§ **YOUR INSTRUCTIONS**
Write out an exact copy of the line containing "Ich war leider" and all lines that follow it in the data below, leaving out pictures.
== == ==
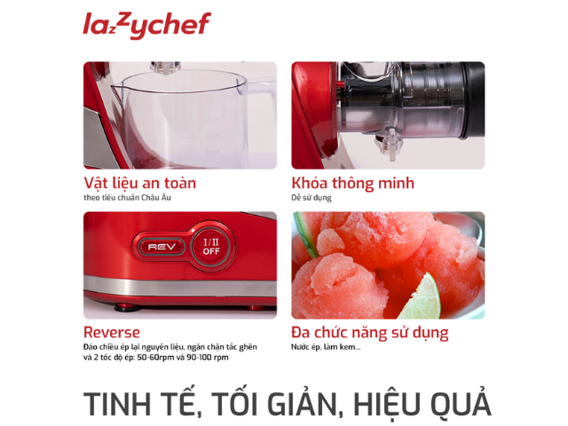 Sản phẩm máy ép chậm trục ngang LazyChef có thiết kế nhỏ gọn, dễ tháo lắp, vệ sinh và tích hợp những tính năng thông minh, đem lại sự tiện lợi cho người tiêu dùng. Nếu như nỗi ám ảnh của bạn là những chiếc máy ép cồng kềnh, ồn ào mỗi khi ép rau, củ, quả hoặc chất lượng nước ép chưa đạt chuẩn thì máy ép chậm trục ngang LazyChef sẽ giải quyết triệt để những vấn đề này. Bài viết dưới đây sẽ cho bạn cái nhìn toàn diện nhất về sản phẩm này.
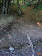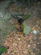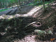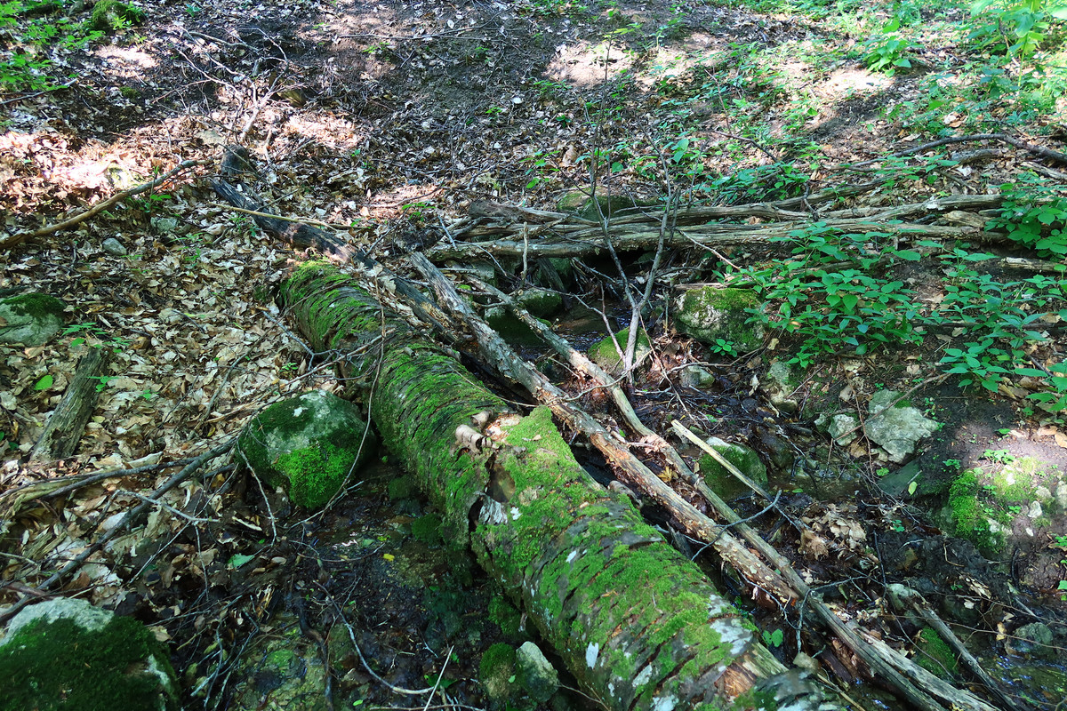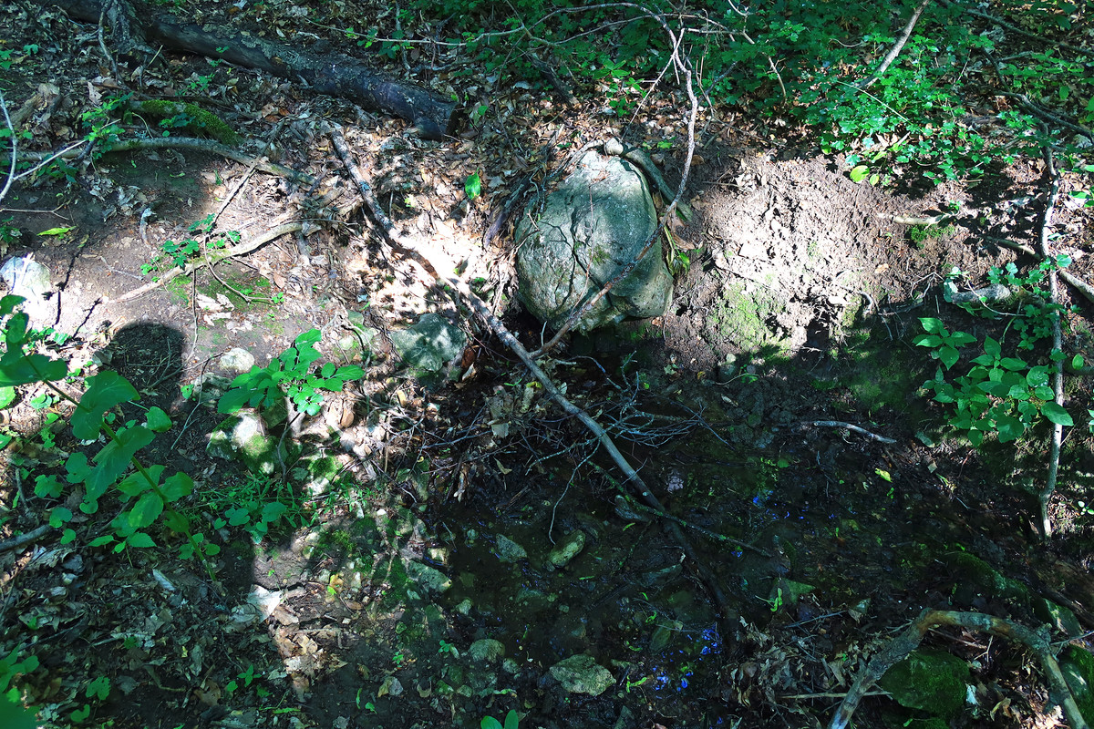Правый выход работает и образует ручей, протекающий через измерительный водослив 3 трубы. Завален упавшим буком.
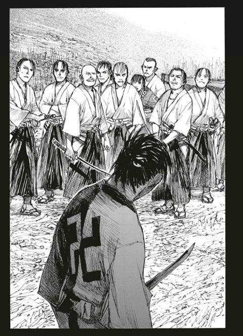Suite aux événements de Kaga, Rin a pris la fuite en compagnie d'Anotsu, affaibli par la maladie. Rattrapés par leurs poursuivants, leur destin semble scellé lorsqu'ils sont sauvés in extremis par l'arrivée de Manji, bientôt suivi d'autres têtes connues. Les trajectoires de tous les protagonistes convergent dans une mêlée générale en forme d'apothéose qui marque la fin d'une étape. De retour à Edo, les choses ne seront plus jamais les mêmes, ni pour Rin et son garde du corps, ni pour l'Ittôryû. Ce septième volume de la nouvelle édition contient les tomes 13 et 14 de la série.
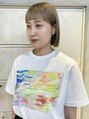 ワンブリーチでオレンジみを抑える為にくすみベージュカラーで明るめに!ぱつっとボブは耳にかけてもおろしても可愛いのでおすすめです◎
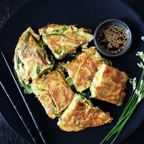 Ich war leider noch nicht in Korea und konnte bislang nur bei Su oder in koreanischen Restaurants in Berlin in den Genuss der tollen Küche kommen. Heute gibt es ein Sonntagsgericht, dass super einfach nachzumachen ist, Korea nach Berlin holt und dennoch nicht so fremd von den Zutaten ist und sich auch ohne die besonderen koreanischen Zutaten zubereiten lässt. Su hatte schon mal ein Gericht für einen koreanischen Pfannkuchen mit Meeresfrüchten vorgestellt. Auch beim Hobak Jeon ist die Basis Mehl, Wasser und Ei. Beim Hobak Jeon kommt allerdings Zucchini in den Teig. Ich habe noch etwas Frühlingszwiebeln, Schnittknoblauch und Chili hinzugefügt. Das Gericht eignet sich für ein schnelles Abendbrot oder auch Lunch.
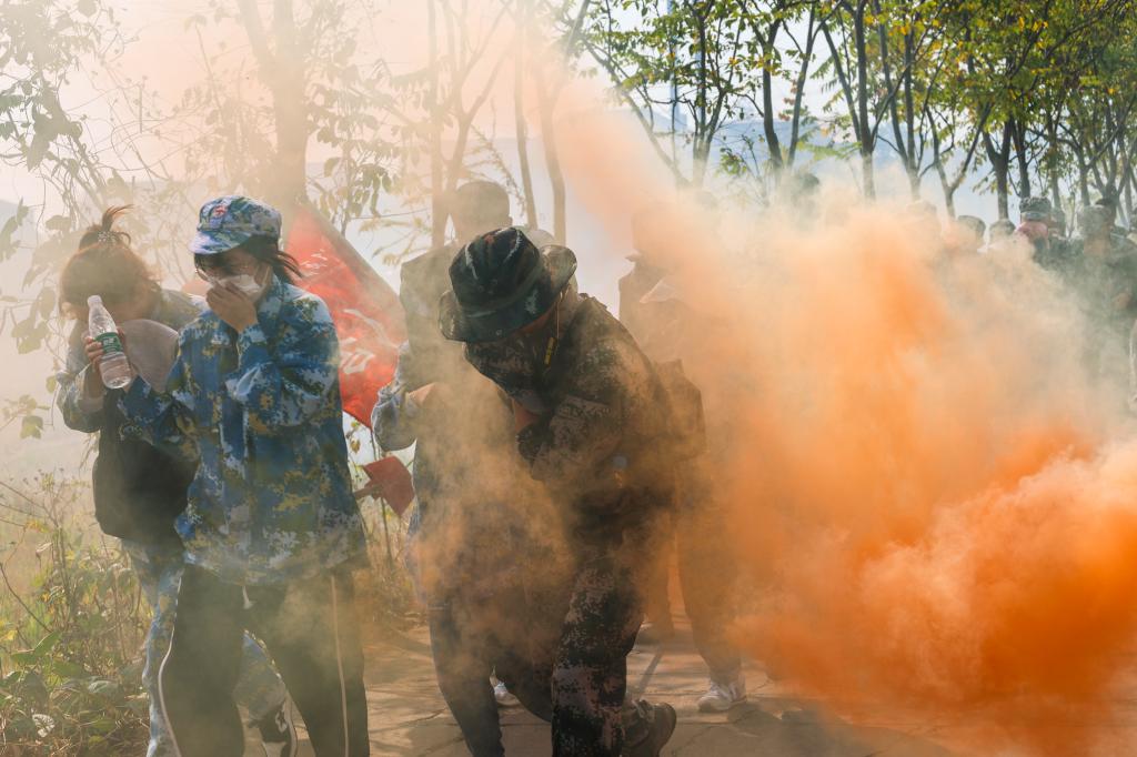 校武装在徒步行军过程当中开展了沉浸式军事实践教学,实践教学包括急行军、防化学武器保护、防空隐蔽、军事力量对抗、战斗投弹训练等。通过模拟战斗行动磨炼学生的意志、培养学生的爱国主义情怀和严明的组织纪律性。
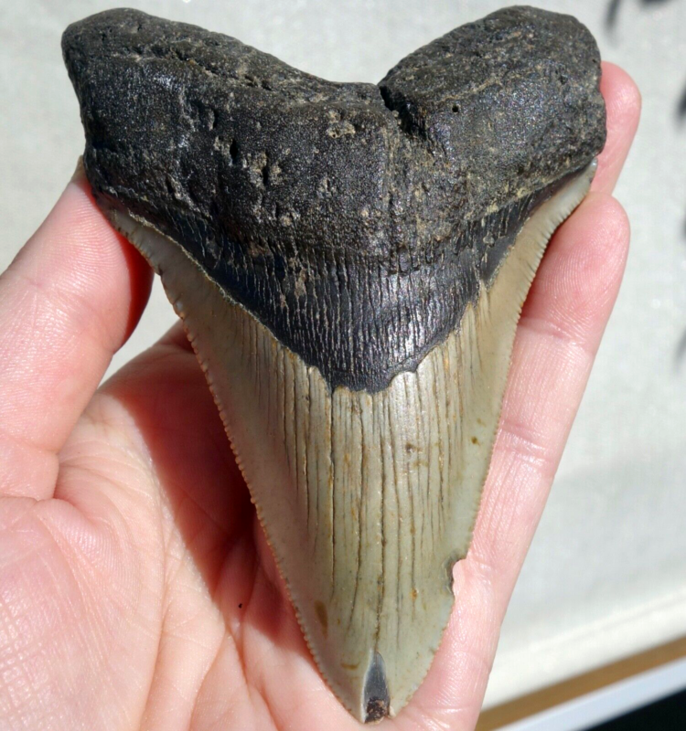 MEGALODON SHARK SERRATED TOOTH ~ 4.17" ~ SHARK TEETH ~ REAL FOSSIL
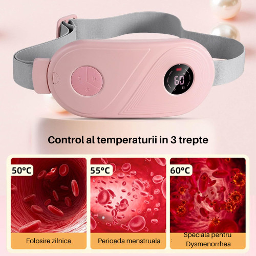 Centura abdominala pentru incalzire si masaj SpectrumPoint®, anti dureri menstruale si lombare, ciclu, 3 trepte de incalzire si 3 programe cu vibromas
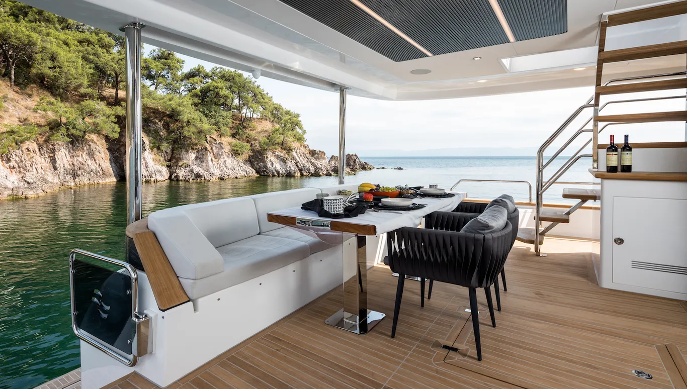 Tiếp đến là không gian dành riêng cho gia chủ nằm trên boong chính. Vì Sirena 78 không có buồng lái ở boong chính nên các không gian giải trí khác được mở rộng cực đại. Khu vực flybridge cũng là một không gian mà bất kỳ ai cũng mê mẩn. Nó được thiết kế tuỳ chọn có thể mở hoàn toàn, nửa kín hoặc đóng kín tuỳ nhu cầu.
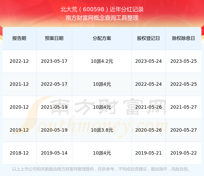 北大荒最新一次公布的分紅方案為10派4.2元。本次權(quán)益分派股權(quán)登記日為2023年5月24日,除權(quán)除息日為2023年5月25日,派息日為2023年5月25日。
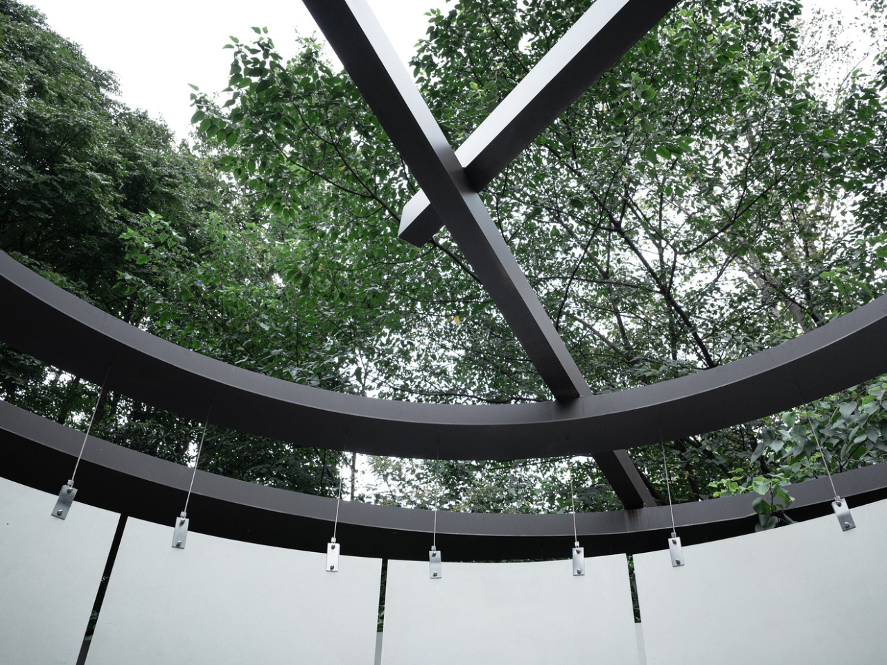 The Round Pavilion is both subtly hidden and wholly accessible. Atelier Guo’s vision was to harness the site’s gentle potential, extending the existing linear corridor and resolving its end with a gesture of convergence. The design borrows the corridor’s white wall as a language of scale and guidance, gently curving the path so that movement unfolds in a continuous gradient. The result is a blurring of direction and geometry, inviting visitors to discover the space intuitively rather than follow strict guidance.
== == ==
§ **WRITTEN ANSWER**
 Ich war leider noch nicht in Korea und konnte bislang nur bei Su oder in koreanischen Restaurants in Berlin in den Genuss der tollen Küche kommen. Heute gibt es ein Sonntagsgericht, dass super einfach nachzumachen ist, Korea nach Berlin holt und dennoch nicht so fremd von den Zutaten ist und sich auch ohne die besonderen koreanischen Zutaten zubereiten lässt. Su hatte schon mal ein Gericht für einen koreanischen Pfannkuchen mit Meeresfrüchten vorgestellt. Auch beim Hobak Jeon ist die Basis Mehl, Wasser und Ei. Beim Hobak Jeon kommt allerdings Zucchini in den Teig. Ich habe noch etwas Frühlingszwiebeln, Schnittknoblauch und Chili hinzugefügt. Das Gericht eignet sich für ein schnelles Abendbrot oder auch Lunch.
 校武装在徒步行军过程当中开展了沉浸式军事实践教学,实践教学包括急行军、防化学武器保护、防空隐蔽、军事力量对抗、战斗投弹训练等。通过模拟战斗行动磨炼学生的意志、培养学生的爱国主义情怀和严明的组织纪律性。
 MEGALODON SHARK SERRATED TOOTH ~ 4.17" ~ SHARK TEETH ~ REAL FOSSIL
 Centura abdominala pentru incalzire si masaj SpectrumPoint®, anti dureri menstruale si lombare, ciclu, 3 trepte de incalzire si 3 programe cu vibromas
 Tiếp đến là không gian dành riêng cho gia chủ nằm trên boong chính. Vì Sirena 78 không có buồng lái ở boong chính nên các không gian giải trí khác được mở rộng cực đại. Khu vực flybridge cũng là một không gian mà bất kỳ ai cũng mê mẩn. Nó được thiết kế tuỳ chọn có thể mở hoàn toàn, nửa kín hoặc đóng kín tuỳ nhu cầu.
 北大荒最新一次公布的分紅方案為10派4.2元。本次權(quán)益分派股權(quán)登記日為2023年5月24日,除權(quán)除息日為2023年5月25日,派息日為2023年5月25日。
 The Round Pavilion is both subtly hidden and wholly accessible. Atelier Guo’s vision was to harness the site’s gentle potential, extending the existing linear corridor and resolving its end with a gesture of convergence. The design borrows the corridor’s white wall as a language of scale and guidance, gently curving the path so that movement unfolds in a continuous gradient. The result is a blurring of direction and geometry, inviting visitors to discover the space intuitively rather than follow strict guidance.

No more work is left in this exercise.